* RECORDED INFORMATION *
======
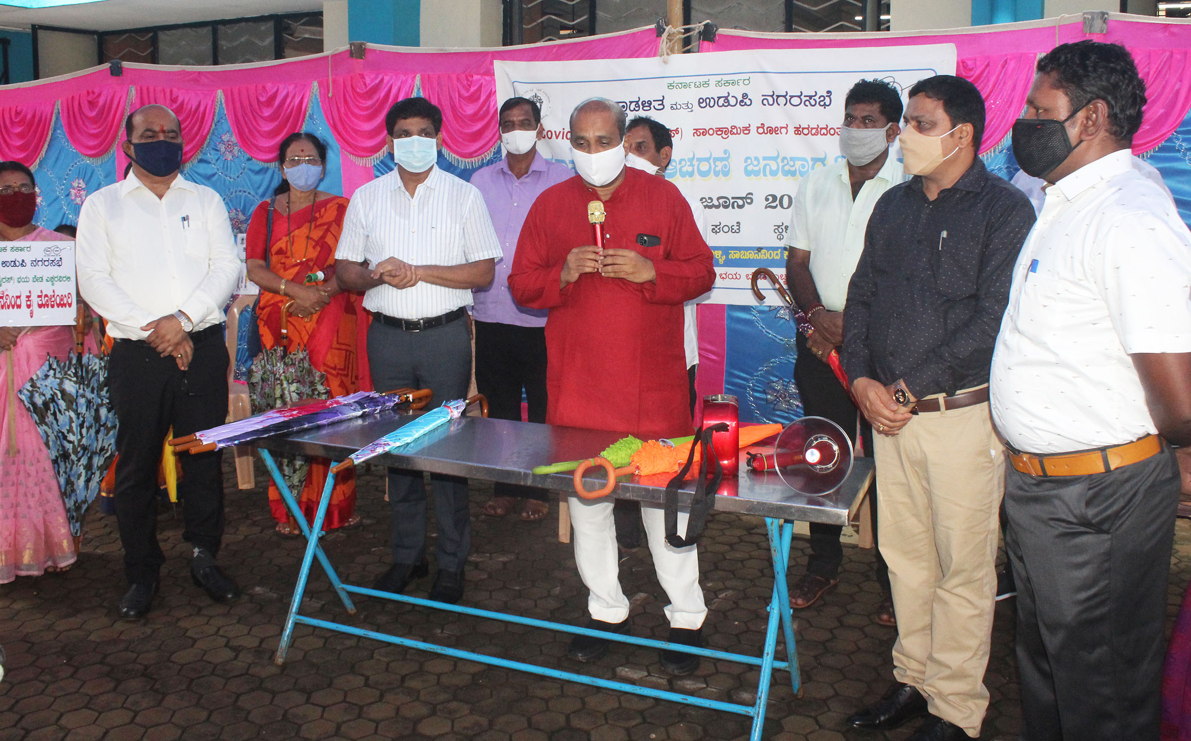 ಉಡುಪಿ ಜಿಲ್ಲಾಡಳಿತ ಮತ್ತು ನಗರಸಭೆ ವತಿಯಿಂದ ಮಾಸ್ಕ್ ದಿನಾಚರಣೆ ಪ್ರಯುಕ್ತ ಕೋವಿಡ್-19 ಹರಡದಂತೆ ಜಗಜಾಗೃತಿ ಮೂಡಿಸಲು ಗುರುವಾರ ನಗರದಲ್ಲಿ ಆಯೋಜಿಸಲಾದ ಪಾದಯಾತ್ರೆ ಕಾರ್ಯಕ್ರಮದಲ್ಲಿ ಭಾಗವಹಿಸಿ ಅವರು ಮಾತನಾಡುತಿದ್ದರು.
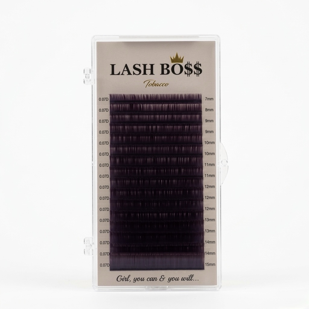 Lash Boss Silk Tobacco Dark Brown eyelash extensions are designed for professional lash artists who want to create soft, natural, and elegant lash sets. The tobacco dark brown color gives a lighter and more natural look compared to classic black lashes, making it perfect for clients who prefer a softer and more natural finish.
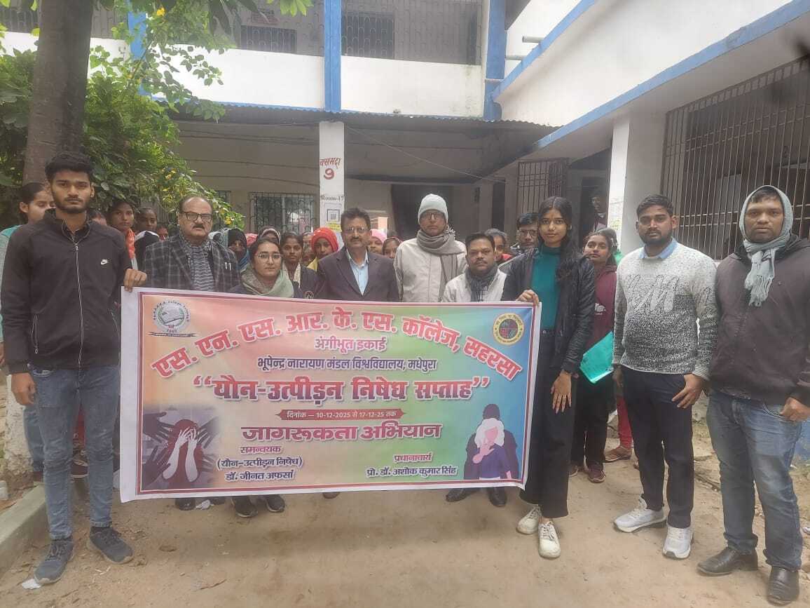 एसएनएस कॉलेज में यौन उत्पीड़न निषेध सप्ताह के तहत चलाया गया जागरूकता अभियान सहरसा . सर्व नारायण सिंह रामकुमार सिंह महाविद्यालय में यौन उत्पीड़न निषेध सप्ताह के तहत रविवार को जागरूकता अभियान चलाया गया. नयी श्रम संहिता कार्यस्थल पर सुरक्षा की गारंटी देता है. इसके लिए 2013 में कार्यस्थल पर महिलाओं के यौन उत्पीड़न अधिनियम बनाया गया है. इस मौके पर प्रधानाचार्य प्रो डॉ अशोक कुमार सिंह ने कहा कि हमारे महाविद्यालय में यौन उत्पीड़न पर सख्त प्रतिबंध रहेगा. उनके संज्ञान में ऐसे मामले आते हैं तो उसपर कड़ी कारवाई की जायेगी. कानूनी सलाह लेने की जरुरत पड़ी तो वो भी ली जायेगी. उन्होंने सहकर्मियों से कहा कि आपलोग इस मुद्दे की गंभीरता को समझें. यौन उत्पीड़न एक अपराध है. इसे अपराध की तरह लें. छात्र-छात्राओं से उन्होंने कहा कि आपलोग भी अपनी भावनाओं पर नियंत्रण रखें. महाविद्यालय में ऐसा कोई काम नहीं करें जिससे महाविद्यालय का नाम खराब हो. यह महिलाओं की गरिमा व सम्मान से जुड़ा मसला है. हम सभी को इसकी संवेदनशीलता को समझना होगा. इस मौके पर डॉ धर्मव्रत चौधरी ने कहा कि देश की अर्थव्यवस्था को सर्वोच्च स्तर पर ले जाने के लिए महिलाओं की भागीदारी आवश्यक है. इसके लिए जरूरी है कि कार्यस्थल पर महिलाओं का यौन उत्पीड़न नहीं होना सुनिश्चित हो. कार्यक्रम के कोऑर्डिनेटर डॉ जीनत अफसा ने कहा कि यौन उत्पीड़न जागरूकता सप्ताह हमें सम्मान व सुरक्षा का महत्व सिखाता है. हर व्यक्ति को बिना डर के सुरक्षित वातावरण में जीने का अधिकार है. चुप्पी अपराध को बढ़ावा देता है एवं जागरूकता उसे रोकती है. आयें हम सब मिलकर सही के लिए खड़े हों व बदलाव लायें. मौक़े पर डॉ अनिल कुमार सिंह, डॉ. सुधीर कुमार सिंह, डॉ महानंद सदा, डॉ अवधेश मिश्रा, डॉ आर्य सिन्धु, डॉ रामनरेश पासवान, डॉ दिलशाद अख्तर, डॉ गौरी, डॉ नृपेंद्र श्रीवास्तव, डॉ सुधांशु शेखर, ओमप्रकाश सिंह, सत्यम कुमार, मो इमरान, विश्वजीत कुमार, मो तौसीफ़, माही राज सहित अन्य शिक्षक, शिक्षकेत्तर कर्मचारी एवं छात्र -छात्राएं मौजूद थे.
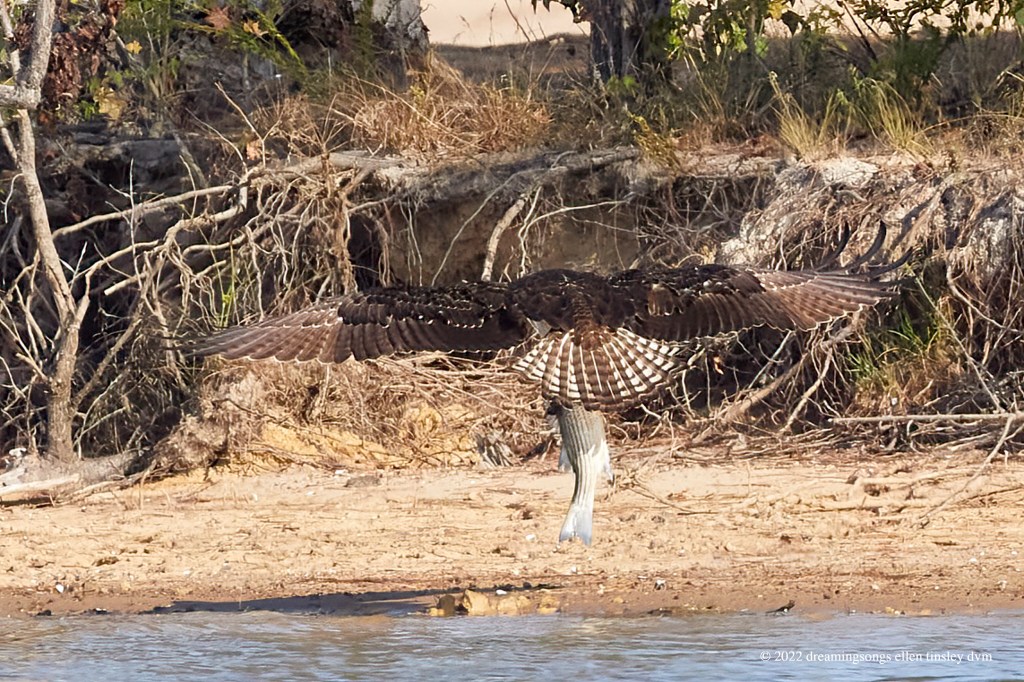 Jordan Lake. This fledgling osprey has only been flying about eight weeks. She managed to catch and carry a striped bass that is as long as she is. She never got more than about 2 feet above water. After resting on the log for three minutes she managed to lift the fish one more time and disappeared around the tree line from my sight.
======
* THE PROBLEM *
All the lines above are to be reproduced exactly, except the pictures.

* OUTPUT FOR THIS EXERCISE *
 ಉಡುಪಿ ಜಿಲ್ಲಾಡಳಿತ ಮತ್ತು ನಗರಸಭೆ ವತಿಯಿಂದ ಮಾಸ್ಕ್ ದಿನಾಚರಣೆ ಪ್ರಯುಕ್ತ ಕೋವಿಡ್-19 ಹರಡದಂತೆ ಜಗಜಾಗೃತಿ ಮೂಡಿಸಲು ಗುರುವಾರ ನಗರದಲ್ಲಿ ಆಯೋಜಿಸಲಾದ ಪಾದಯಾತ್ರೆ ಕಾರ್ಯಕ್ರಮದಲ್ಲಿ ಭಾಗವಹಿಸಿ ಅವರು ಮಾತನಾಡುತಿದ್ದರು.
 Lash Boss Silk Tobacco Dark Brown eyelash extensions are designed for professional lash artists who want to create soft, natural, and elegant lash sets. The tobacco dark brown color gives a lighter and more natural look compared to classic black lashes, making it perfect for clients who prefer a softer and more natural finish.
 एसएनएस कॉलेज में यौन उत्पीड़न निषेध सप्ताह के तहत चलाया गया जागरूकता अभियान सहरसा . सर्व नारायण सिंह रामकुमार सिंह महाविद्यालय में यौन उत्पीड़न निषेध सप्ताह के तहत रविवार को जागरूकता अभियान चलाया गया. नयी श्रम संहिता कार्यस्थल पर सुरक्षा की गारंटी देता है. इसके लिए 2013 में कार्यस्थल पर महिलाओं के यौन उत्पीड़न अधिनियम बनाया गया है. इस मौके पर प्रधानाचार्य प्रो डॉ अशोक कुमार सिंह ने कहा कि हमारे महाविद्यालय में यौन उत्पीड़न पर सख्त प्रतिबंध रहेगा. उनके संज्ञान में ऐसे मामले आते हैं तो उसपर कड़ी कारवाई की जायेगी. कानूनी सलाह लेने की जरुरत पड़ी तो वो भी ली जायेगी. उन्होंने सहकर्मियों से कहा कि आपलोग इस मुद्दे की गंभीरता को समझें. यौन उत्पीड़न एक अपराध है. इसे अपराध की तरह लें. छात्र-छात्राओं से उन्होंने कहा कि आपलोग भी अपनी भावनाओं पर नियंत्रण रखें. महाविद्यालय में ऐसा कोई काम नहीं करें जिससे महाविद्यालय का नाम खराब हो. यह महिलाओं की गरिमा व सम्मान से जुड़ा मसला है. हम सभी को इसकी संवेदनशीलता को समझना होगा. इस मौके पर डॉ धर्मव्रत चौधरी ने कहा कि देश की अर्थव्यवस्था को सर्वोच्च स्तर पर ले जाने के लिए महिलाओं की भागीदारी आवश्यक है. इसके लिए जरूरी है कि कार्यस्थल पर महिलाओं का यौन उत्पीड़न नहीं होना सुनिश्चित हो. कार्यक्रम के कोऑर्डिनेटर डॉ जीनत अफसा ने कहा कि यौन उत्पीड़न जागरूकता सप्ताह हमें सम्मान व सुरक्षा का महत्व सिखाता है. हर व्यक्ति को बिना डर के सुरक्षित वातावरण में जीने का अधिकार है. चुप्पी अपराध को बढ़ावा देता है एवं जागरूकता उसे रोकती है. आयें हम सब मिलकर सही के लिए खड़े हों व बदलाव लायें. मौक़े पर डॉ अनिल कुमार सिंह, डॉ. सुधीर कुमार सिंह, डॉ महानंद सदा, डॉ अवधेश मिश्रा, डॉ आर्य सिन्धु, डॉ रामनरेश पासवान, डॉ दिलशाद अख्तर, डॉ गौरी, डॉ नृपेंद्र श्रीवास्तव, डॉ सुधांशु शेखर, ओमप्रकाश सिंह, सत्यम कुमार, मो इमरान, विश्वजीत कुमार, मो तौसीफ़, माही राज सहित अन्य शिक्षक, शिक्षकेत्तर कर्मचारी एवं छात्र -छात्राएं मौजूद थे.
 Jordan Lake. This fledgling osprey has only been flying about eight weeks. She managed to catch and carry a striped bass that is as long as she is. She never got more than about 2 feet above water. After resting on the log for three minutes she managed to lift the fish one more time and disappeared around the tree line from my sight.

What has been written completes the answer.